Netzwerk der Zellen

Forscher erklären das “Schubladen-Denken” im Gehirn

Wissenschaft
17.10.2012 14:05
Das Denken in Kategorien gehört zu den höchsten Gehirnfunktionen. Ein Team von Neurobiologen am Wiener Forschungsinstitut für Molekulare Pathologie (IMP) konnte nun aufklären, wie das "Schubladen-Denken" erfolgt. Die Antwort liegt in bestimmten Eigenschaften von Nervenzell-Netzwerken, berichten die Experten.

"Eine der faszinierenden Leistungen unseres Gehirns ist die Fähigkeit, die Welt in Kategorien wahrzunehmen. Wir erkennen das Gesicht eines bekannten Menschen unabhängig davon, ob wir die Person bei Tag oder bei Nacht treffen, ob mit oder ohne Brille. Ebenso bemerkenswert ist die Erkennung der Sprache: Gleiche Silben hören wir als gleich, unabhängig vom Sprecher, von der Lautstärke oder von Umgebungsgeräuschen", schreiben die Forscher am Mittwoch in einer IMP-Aussendung.

Dem Gehirn gelinge, Konstanten in einer sich ändernden Umwelt zu identifizieren und als solche zu erkennen. Dieses Denken in sprichwörtlichen Schubladen erfolgt beim Menschen automatisch. Computer seien da schnell überfordert.

Gehirn ordnet Kategorien zu
Wissenschaftler um den Neurobiologen Simon Rumpel und seinen Postdoktoranden Brice Bathellier konnten nun an Nervenzell-Netzwerken in der Großhirnrinde bestimmte Eigenschaften nachweisen, die allem Anschein nach für die Bildung von Kategorien verantwortlich sind. In Versuchen mit Mäusen ließen die Forscher unterschiedliche Töne und Geräusche erklingen und zeichneten dabei die Aktivitätsmuster von Nervenzell-Gruppen in der Hörrinde des Gehirns auf.

Die Fachleute stellten fest, dass Ensembles von etwa 50 bis 100 miteinander verschalteten Zellen trotz vielfältigster Klänge nur sehr wenige, diskrete Muster erzeugen.
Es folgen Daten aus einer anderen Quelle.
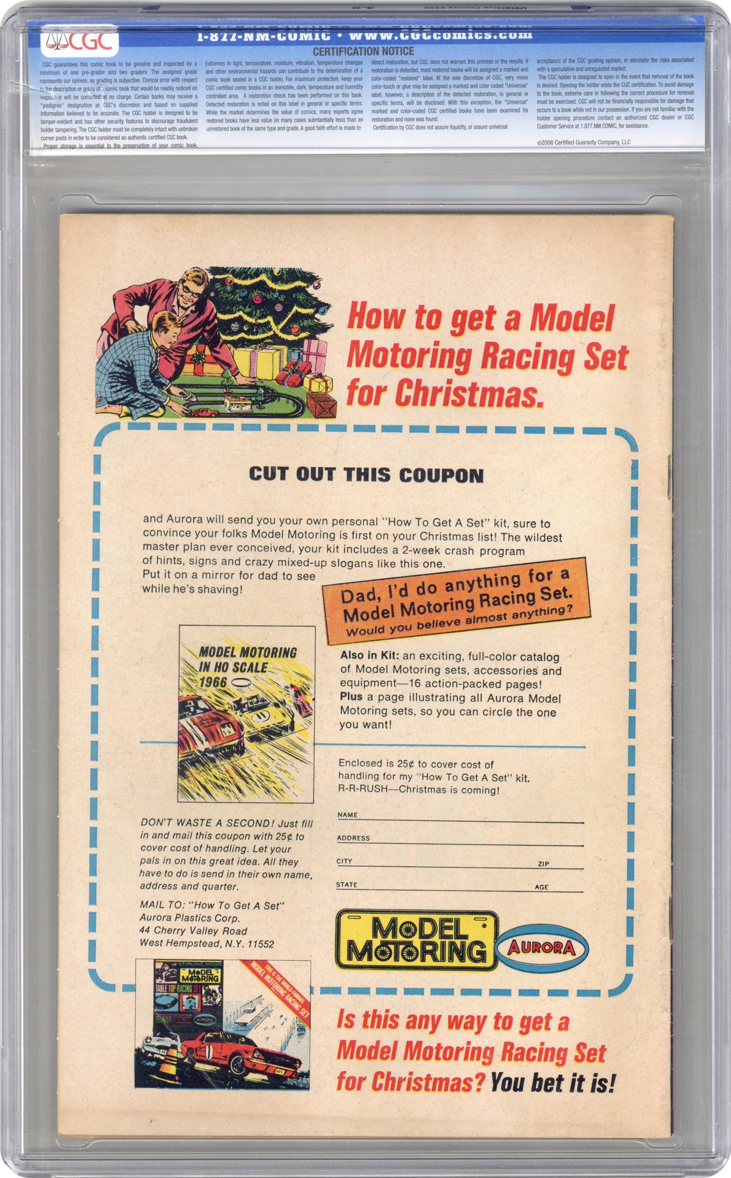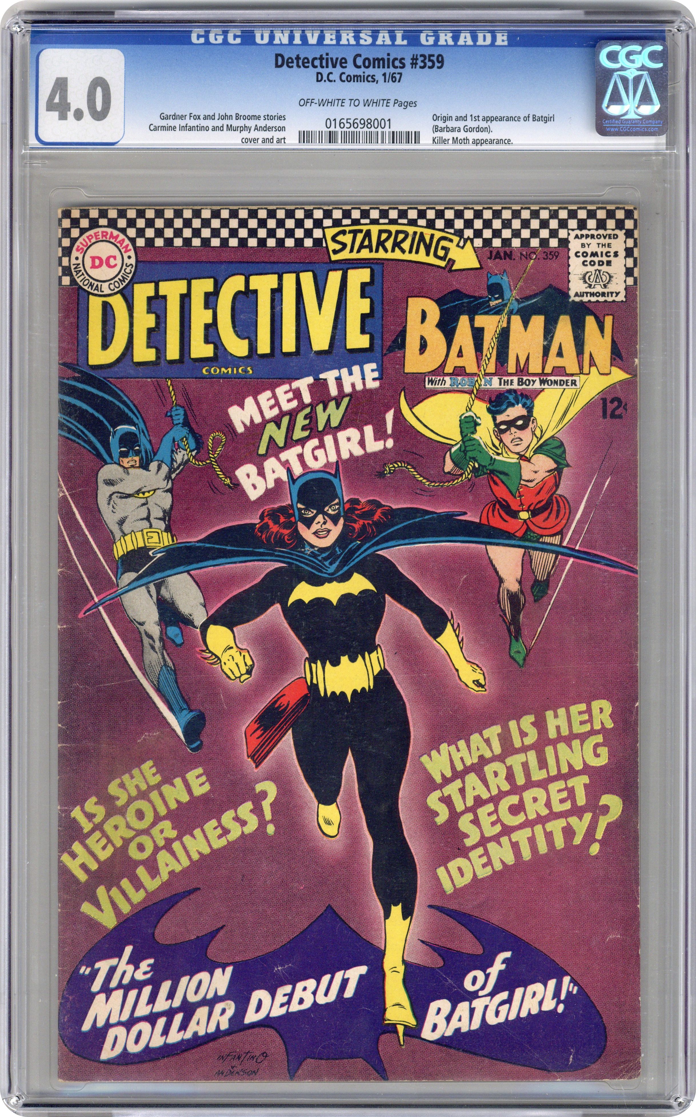 Ended May 7 2020 Winning Bid $415 Written by Gardner Fox. Art by Carmine Infantino and Sid Greene. Cover by Carmine Infantino and Murphy Anderson. 1st appearance of the new Batgirl (Barbara Gordon) in The Million Dollar Debut of Batgirl!; Batgirl goes to a costume party dressed as Batgirl; she sees Killer Moth attack Bruce Wayne. Written by Gardner Fox. Art by Murphy Anderson. Riddle of the Sleepytime Taxi!; Ralph Elongated Man Dibny and Sue fall asleep in the back seat of a taxi while going to a costume party; Ralph discovers that crooks criminals are putting passengers to sleep to copy secret documents. Cap's Hobby Hints activity page by Henry Boltinoff. Letter to the editor from comics writer Mark Evanier. 36 pages, full color. $0.12. Cover price $0.12. Grade: CGC 4.0 explanation of grade Condition: Used (collectible)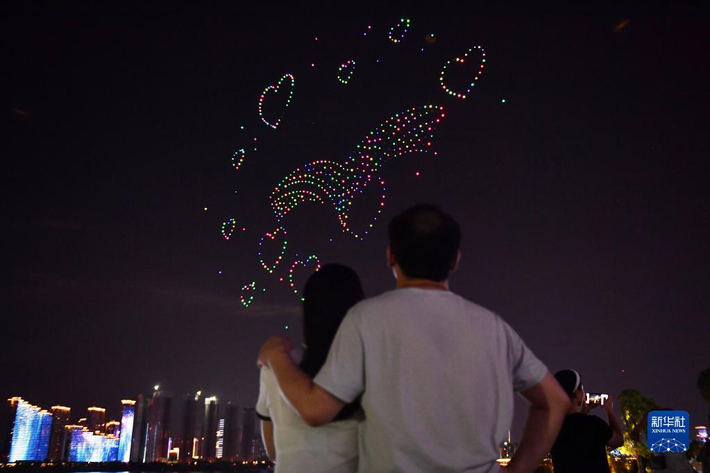 當(dāng)日是七夕節(jié),一場(chǎng)無(wú)人機(jī)光影秀在湖南省長(zhǎng)沙市湘江畔上演,吸引市民駐足觀看。

Das bedeutet, dass unterschiedliche Geräusche in einem Aktivitätsmuster zusammengefasst und in eine funktionelle Kategorie eingeordnet werden. In Experimenten, in denen das Geräusch kontinuierlich verändert wurde, konnten die Forscher keine ständige Veränderung des Antwortmusters beobachten, sondern einen abrupten Übergang von einem Muster in ein anderes.
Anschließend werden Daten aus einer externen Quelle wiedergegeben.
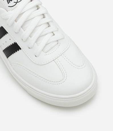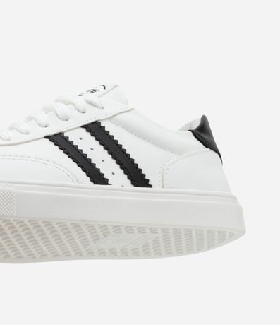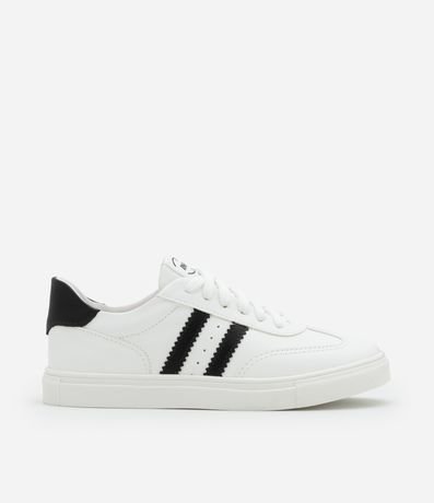 Ref: Tênis infantil confeccionado em material sintético, com bico redondo, recortes e detalhes contrastantes. Possui fechamento por cadarço.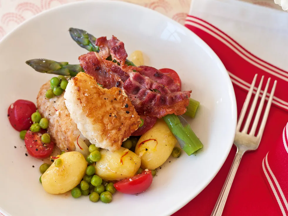 9.Dish up the potatoes and peas, top with the fish, surround with the onion and tomatoes, and drape with the asparagus and pancetta. Serve immediately.
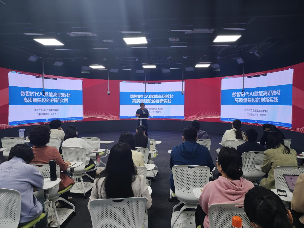 曹雪伟以《数智时代AI赋能高职教材高质量建设的创新实践》为题,从国家政策文件解读出发,对高质量教材的建设方法及出版推广进行了详细介绍,为教师编写教材提供了意见和建议。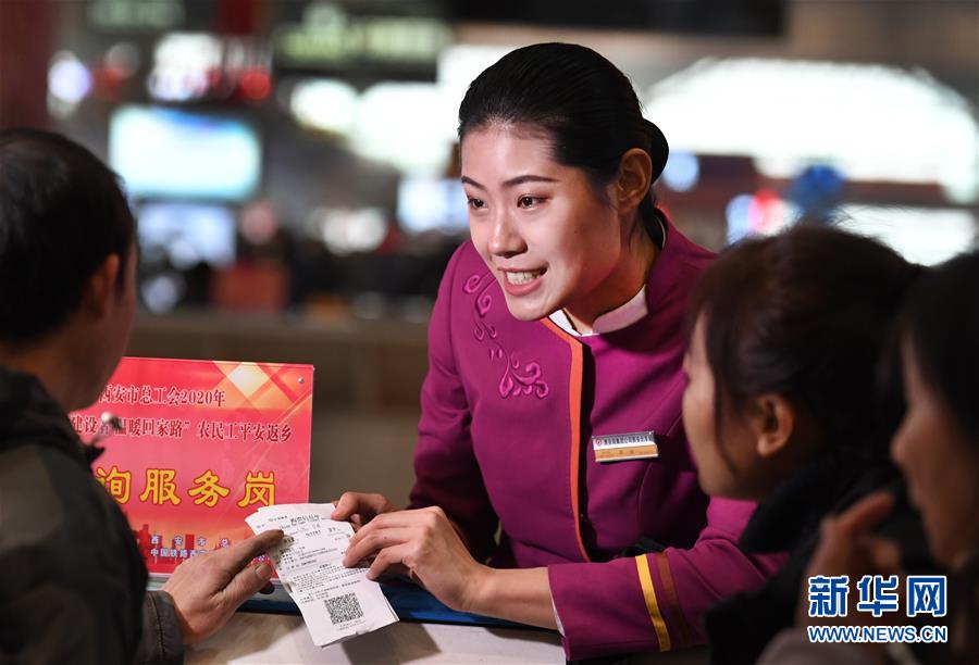 吉如在西安北站咨詢服務(wù)臺解答旅客的問題(1月15日攝)。新華社記者陶明攝

Gesamtheit der Neuronen erzeugt Eindruck
Rumpel: "Wir können uns den Vorgang der akustischen Repräsentation wie eine Rasterfahndung vorstellen. Einzelne Neuronengruppen können immer nur wenige Eigenschaften eines Sinnesreizes wiedergeben (hoher Ton oder tiefer Ton, laut oder leise usw.). Erst wenn über die Gesamtheit der Neuronen integriert wird, entsteht der komplette Eindruck des Geräuschs mit all seinen Schattierungen."
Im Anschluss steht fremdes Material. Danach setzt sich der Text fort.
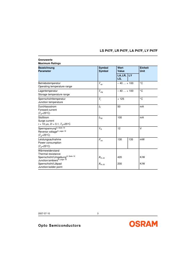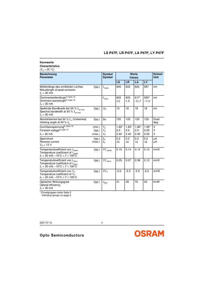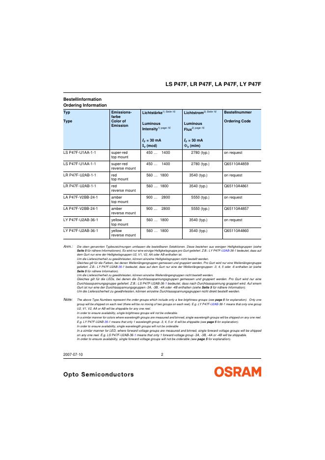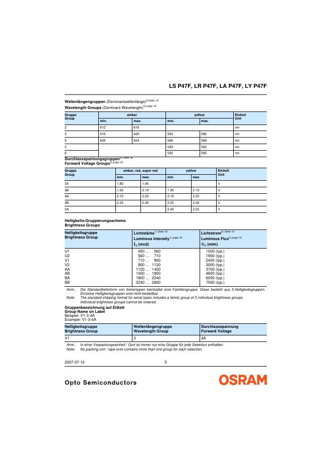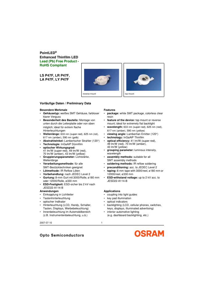 OSRAM SYLVANIA LS P47F, LR P47F, LA P47F, LY P47F 数据手册.pdf

Die Ergebnisse der Aktivitätsmessungen im Gehirn wurden durch Verhaltensexperimente mit Mäusen bestätigt. Zunächst trainierte man die Tiere darauf, zwei Töne zu unterscheiden. Ob das Antwortverhalten auf einen dritten Ton eher dem ersten oder zweiten Ton entsprach, diente als Maß der Ähnlichkeit der Wahrnehmung. Interessanterweise zeigte sich, dass die Ähnlichkeit in der Wahrnehmung durch den Vergleich der durch die entsprechenden Töne ausgelösten Aktivitätsmuster in der Hörrinde vorhergesagt werden konnte.

Dynamische Eigenschaft von Nervennetzen
Mit der Arbeit, die in der aktuellen Ausgabe der Zeitschrift "Neuron" veröffentlicht wird, konnten die Wissenschaftler erstmals nachweisen, dass die Bildung von Kategorien auf der dynamischen Eigenschaft von Nervennetzen in der Gehirnrinde beruht. Es könnte sich dabei um ein fundamentales Prinzip höherer Gehirnfunktionen handeln, das auch bei der Verarbeitung von Sprache eine Rolle spielen dürfte.